AIM OF THE EXERCISE: Although the records contain pictures, none belong in the copy: restate word for word only the lines from the one with "在教学楼104教室,张成斌教" through the one with "Biuro, Pendrive, Niebieski, Pingwin", both included.
==== SUPPLIED DATA ====
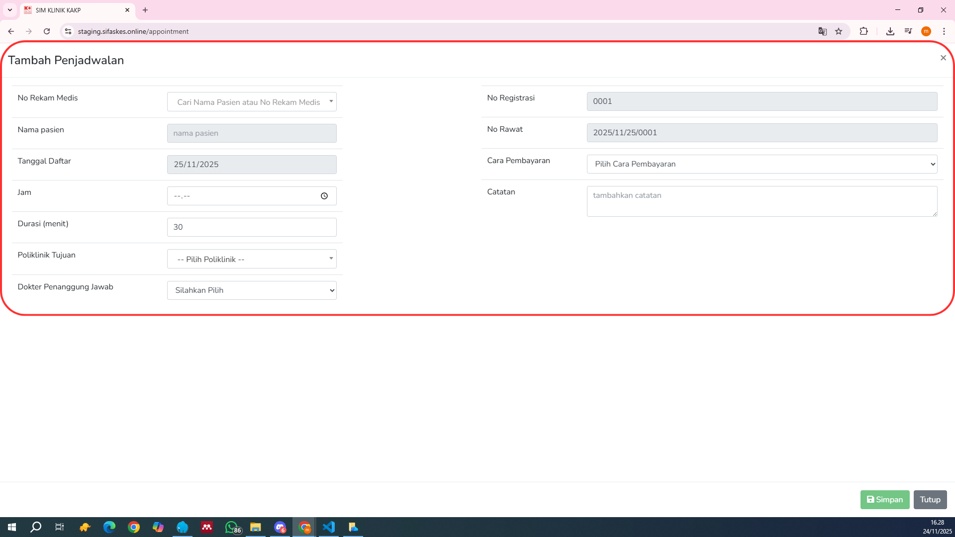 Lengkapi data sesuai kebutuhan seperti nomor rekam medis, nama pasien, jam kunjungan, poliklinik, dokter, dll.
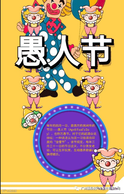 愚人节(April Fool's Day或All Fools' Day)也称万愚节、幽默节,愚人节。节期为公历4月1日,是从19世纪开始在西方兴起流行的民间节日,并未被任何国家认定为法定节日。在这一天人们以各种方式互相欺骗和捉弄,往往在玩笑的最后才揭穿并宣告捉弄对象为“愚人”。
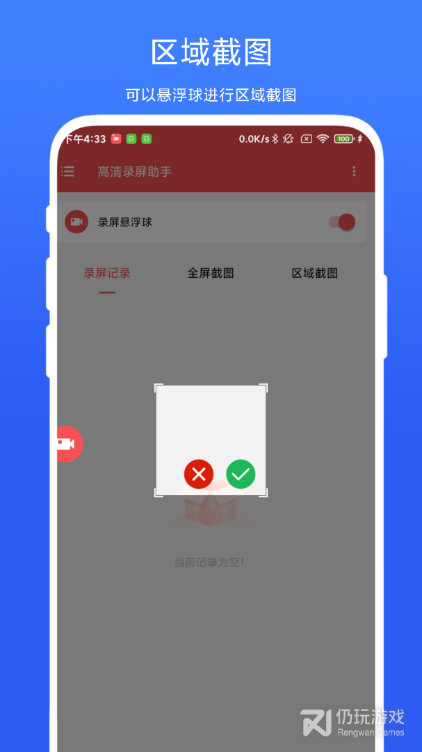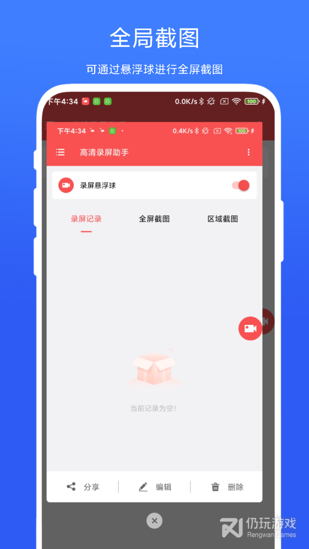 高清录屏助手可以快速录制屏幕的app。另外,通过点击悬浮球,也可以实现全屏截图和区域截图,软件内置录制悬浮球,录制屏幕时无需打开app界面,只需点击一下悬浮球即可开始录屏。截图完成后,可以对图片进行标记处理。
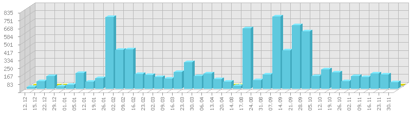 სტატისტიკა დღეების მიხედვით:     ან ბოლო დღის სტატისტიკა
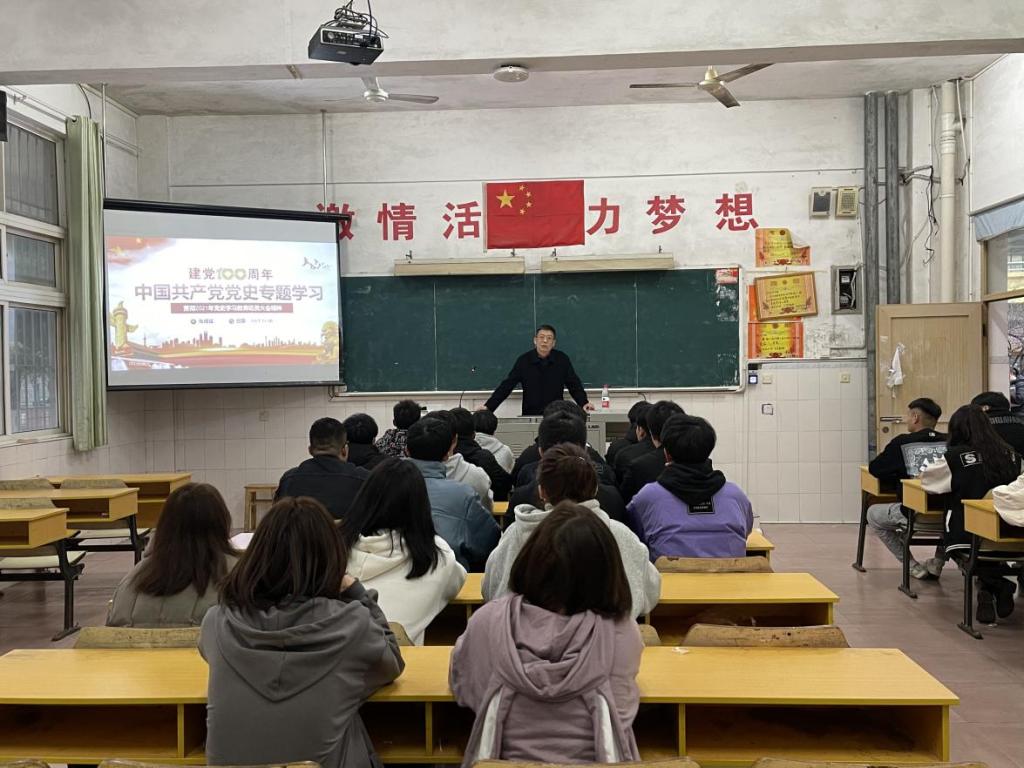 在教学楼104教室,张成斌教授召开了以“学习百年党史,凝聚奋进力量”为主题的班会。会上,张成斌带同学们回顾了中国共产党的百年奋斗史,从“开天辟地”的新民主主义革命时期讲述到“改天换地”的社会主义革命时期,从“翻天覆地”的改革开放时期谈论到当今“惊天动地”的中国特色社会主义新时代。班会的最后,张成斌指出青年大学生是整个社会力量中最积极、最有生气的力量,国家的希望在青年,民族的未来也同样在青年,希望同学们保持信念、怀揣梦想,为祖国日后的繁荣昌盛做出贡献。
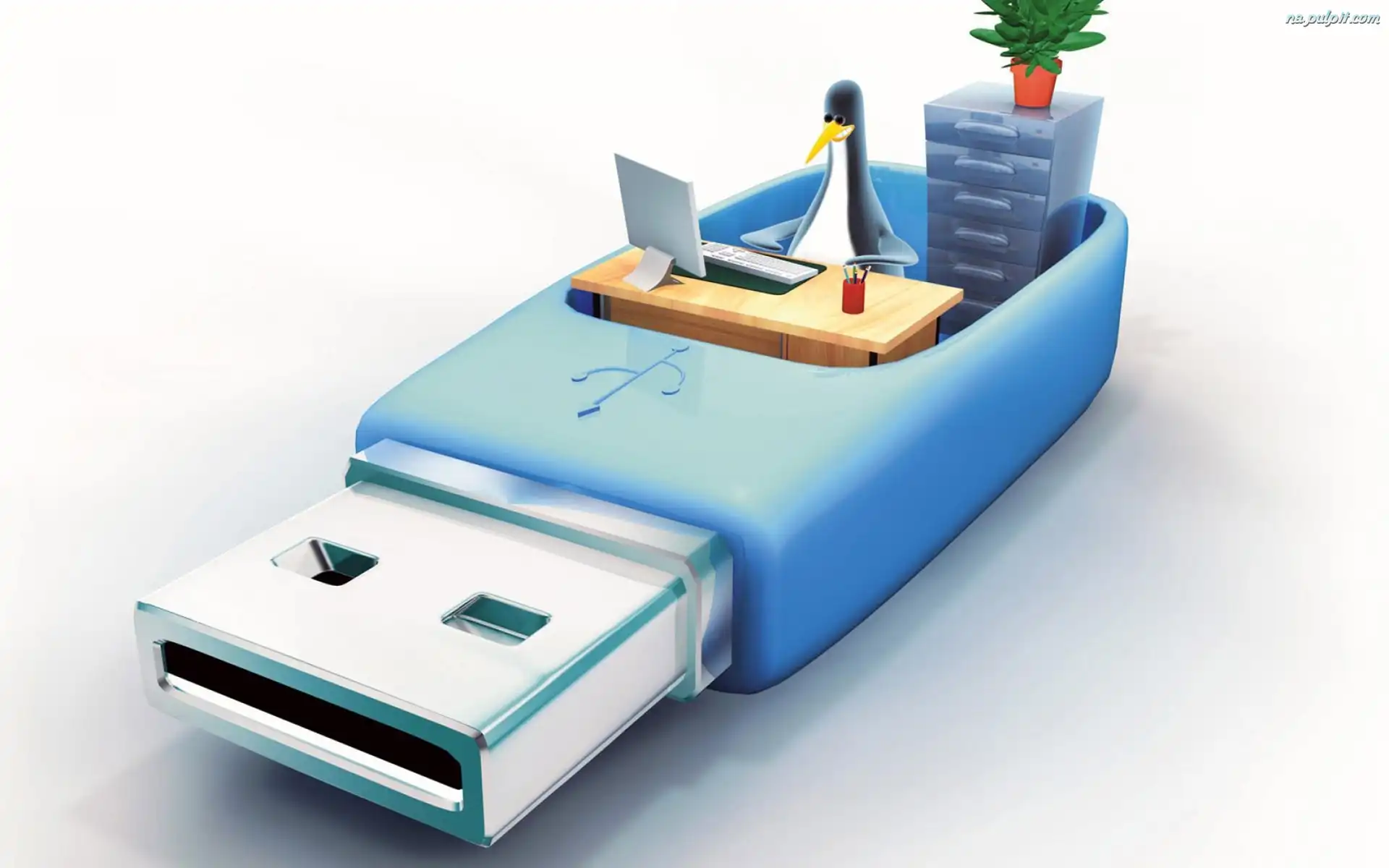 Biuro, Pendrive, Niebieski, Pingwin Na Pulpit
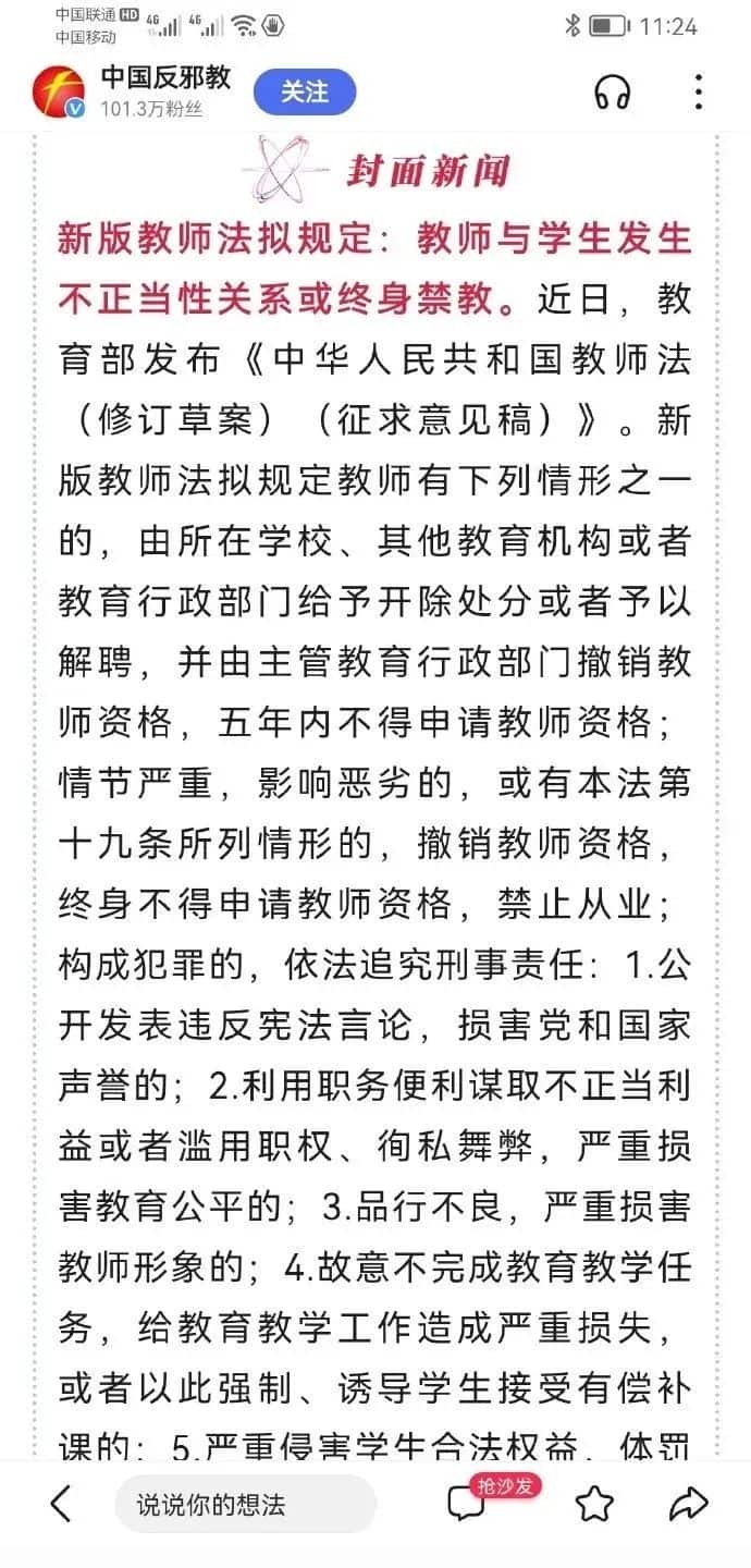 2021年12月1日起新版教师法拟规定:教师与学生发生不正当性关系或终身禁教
====
ANSWER TO THIS PROBLEM:
 在教学楼104教室,张成斌教授召开了以“学习百年党史,凝聚奋进力量”为主题的班会。会上,张成斌带同学们回顾了中国共产党的百年奋斗史,从“开天辟地”的新民主主义革命时期讲述到“改天换地”的社会主义革命时期,从“翻天覆地”的改革开放时期谈论到当今“惊天动地”的中国特色社会主义新时代。班会的最后,张成斌指出青年大学生是整个社会力量中最积极、最有生气的力量,国家的希望在青年,民族的未来也同样在青年,希望同学们保持信念、怀揣梦想,为祖国日后的繁荣昌盛做出贡献。
 Biuro, Pendrive, Niebieski, Pingwin Na Pulpit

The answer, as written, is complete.